27th President. Three-page typed letter signed (TLS) “Wm H. Taft”, August 10, 1920, personal stationery from New Haven, Connecticut [but Taft was in Point-a-Pic, Canada], 8×11, to Gus Karger at the Post Building in Washington, D.C., discussing a wide variety of topics focusing on Warren Harding’s 1920 campaign, in part:

…I am carrying on a difficult discussion and maintaining an attitude which I expect to continue through the campaign. I believe thoroughly that I am right. If there were more doubt of it in my mind than there is, I would still feel the necessity of taking the position because I am confident of Harding’s election and I am anxious to prevent a slump from him of League Republicans, whose defection might weaken his obligation to secure a modified League in some form, which the Republican platform and his acceptance speech impose upon him.

In your previous letter you quoted from Harding’s letter to you language that indicated that he had not departed from the principle of his two votes for the league with reservations, but that he was only engaged in trying to hold the two elements of the party together by an indefinite statement, which each might construe for itself.

I have had a visit from Irving Fisher, an intimate friend of mine, with whom I often differ. He had had a personal conversation with Harding for the purpose of finding out what he would do in respect to the League of Nations. He had a similar talk with Cox…

Cox thinks he can put me in a hole by pressing me as to my Senatorial preferences. The New York Times telegraphed me his statement on the subject and I answered it, as you may have seen. I have amplified this some in an editorial in the Ledger which I am forwarding today and of which inclose you a copy. It leaves my vote on the Senatorship in Connecticut on the question whether the Democratic opponent is a Wilson and Cox Bitter Ender as to Article Ten or not. Homer Cummings was a candidate in the previous election and I presume he may be again. If so he is surely a bitter ender.

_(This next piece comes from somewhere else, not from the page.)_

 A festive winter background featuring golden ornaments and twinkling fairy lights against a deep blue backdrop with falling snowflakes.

…The use of Welliver by Harding is part of his program of propitiating the Progressives. I agree with you exactly in your criticism of Harding’s present campaign. He devotes no time to the great issues of a domestic character, for which he is going to receive most of his votes, and with which he will secure those whom he has made lukewarm by his ‘fogging’ in respect to the League and his evident grudging attitude toward it.

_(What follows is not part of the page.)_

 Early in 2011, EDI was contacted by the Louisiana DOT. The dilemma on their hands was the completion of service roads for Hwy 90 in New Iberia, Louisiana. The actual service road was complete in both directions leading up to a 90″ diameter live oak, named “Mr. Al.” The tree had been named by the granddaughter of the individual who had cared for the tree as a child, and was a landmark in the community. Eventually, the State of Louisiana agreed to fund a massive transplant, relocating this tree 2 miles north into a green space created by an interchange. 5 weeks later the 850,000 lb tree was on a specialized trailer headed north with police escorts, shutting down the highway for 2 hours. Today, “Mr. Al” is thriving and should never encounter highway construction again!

Taft concludes the letter discussing some family matters as he was pleased to become a grandfather for the 4th time and recants a story of a young child passing away after going on an excursion “some thirty or forty miles into the mountains from here to a fishing and game camp.

After signing the letter, Taft adds a lengthy handwritten postscript:

I have concluded to hold the editorial of which I enclose a copy till I see what Cox says to my telegram to the Times…I suppose in my editorials I am suiting no body but myself though I hope I am helping some Republicans to save their conscience and vote for Harding.

Harding would defeat James Cox in the 1920 election and he would nominate Taft for Chief Justice of the Supreme Court less than a year after this letter was written.

Gus Karger was the press chief of William Howard Taft’s 1908 presidential campaign and director of the Republican Party’s press bureau in the 1912 presidential election.

The letter has scattered staining, edge chipping, and rippling from onetime exposure to moisture. Very good condition, content still clearly legible.

Most of the Karger collection is heavily damaged – this letter less so and filled with superior content.

Sold with the aforementioned four-page editorial rough draft, which bears numerous emendations in Taft’s own hand, as well as a carbon of Karger’s letter from August 18, 1920.